3D printing of cellulose nanocrystal-based Pickering foams for removing microplastics

Environmentally friendly porous materials have garnered widespread attention for the removal of nondegradable pollutants because of their high specific surface areas. Herein, biosafe ethyl lauroyl arginate hydrochloride (LAE) was incorporated as a Pickering stabilizer to enhance the hydrophobic properties of cellulose nanocrystal (CNC) foam. The obtained LAE-CNC foam exhibited excellent 3D printing characteristics. The effects of different CNC loadings on the morphology, stability, rheology, and 3D printability of the Pickering foams were investigated.

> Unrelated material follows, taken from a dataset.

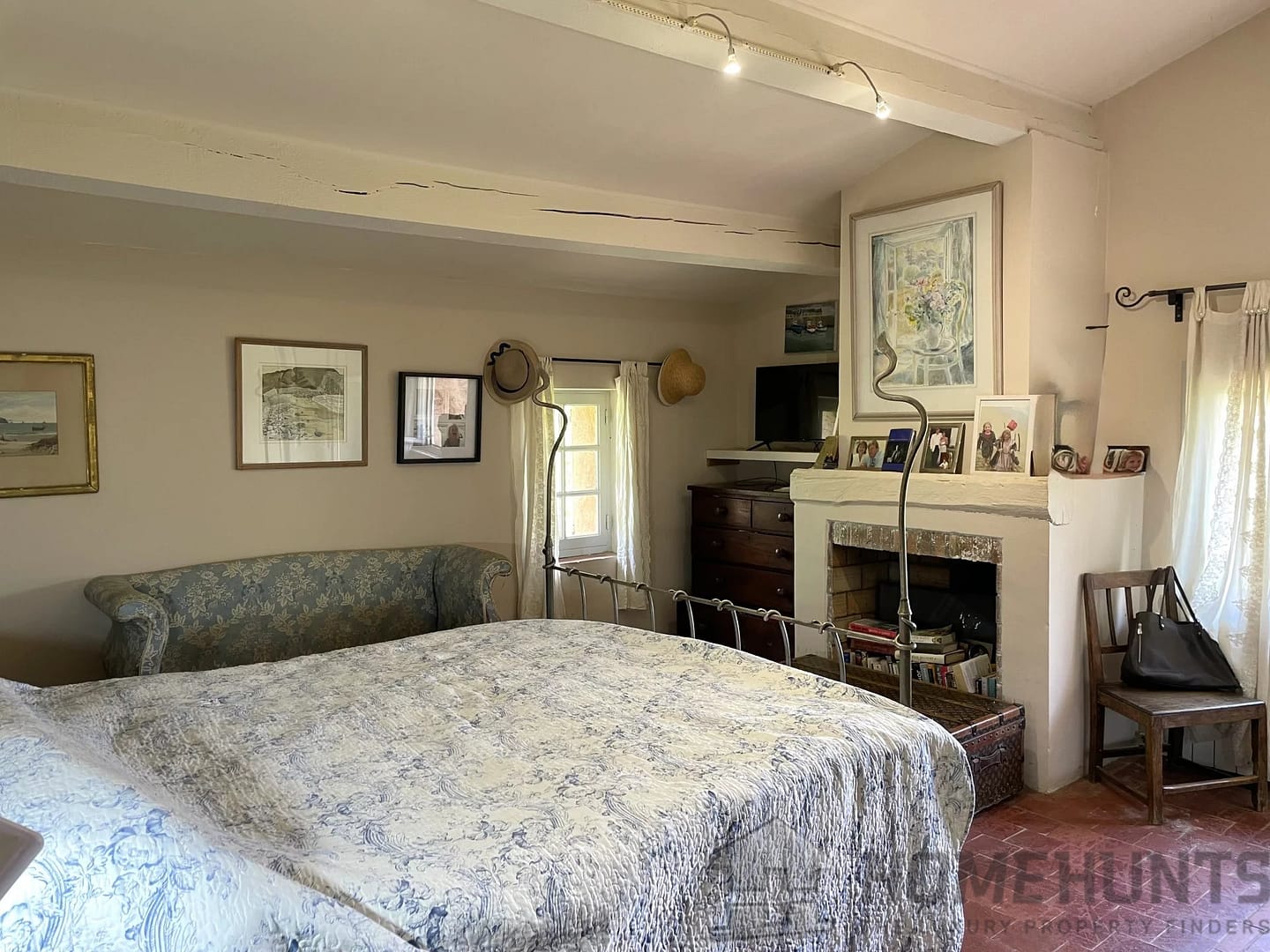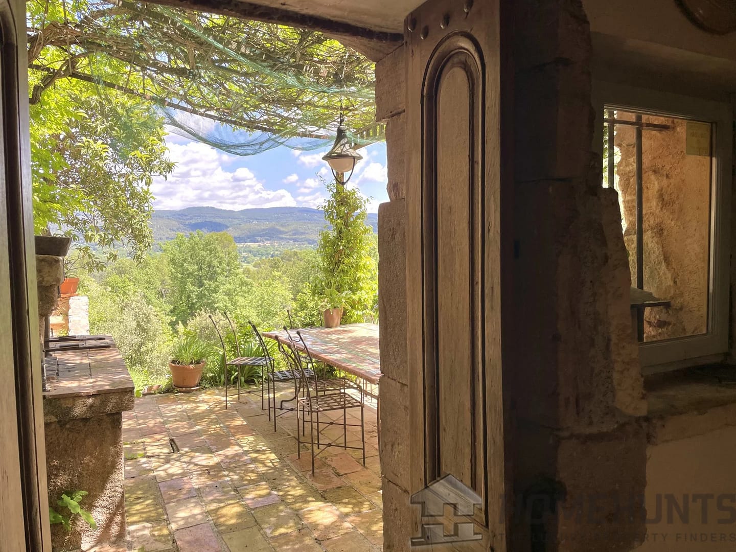 Inside, an entrance hall with library bookcase, which leads to the main living room and its doors opening to the terrace overlooking the valley.

While an increase in CNC loading enhanced the apparent viscosity and continuous phase network of the foam, which was beneficial for maintaining the structure after printing, excessive CNC addition may have compromised the continuity of printed lines and interlayer adhesion, deteriorating the printing quality. The foam with 10.0 wt% CNC and 0.15 wt% LAE exhibited balanced stability and porosity, along with optimal printing performance. Subsequently, the foam was printed and freeze-dried to obtain porous scaffolds. An increase in infill spacing resulted in enhanced adsorption of polystyrene microspheres owing to the enlarged surface area. Overall, this highly stable and sustainable LAE-CNC foam is a promising printing ink with potential applications in various fields, including mitigating microplastic pollution.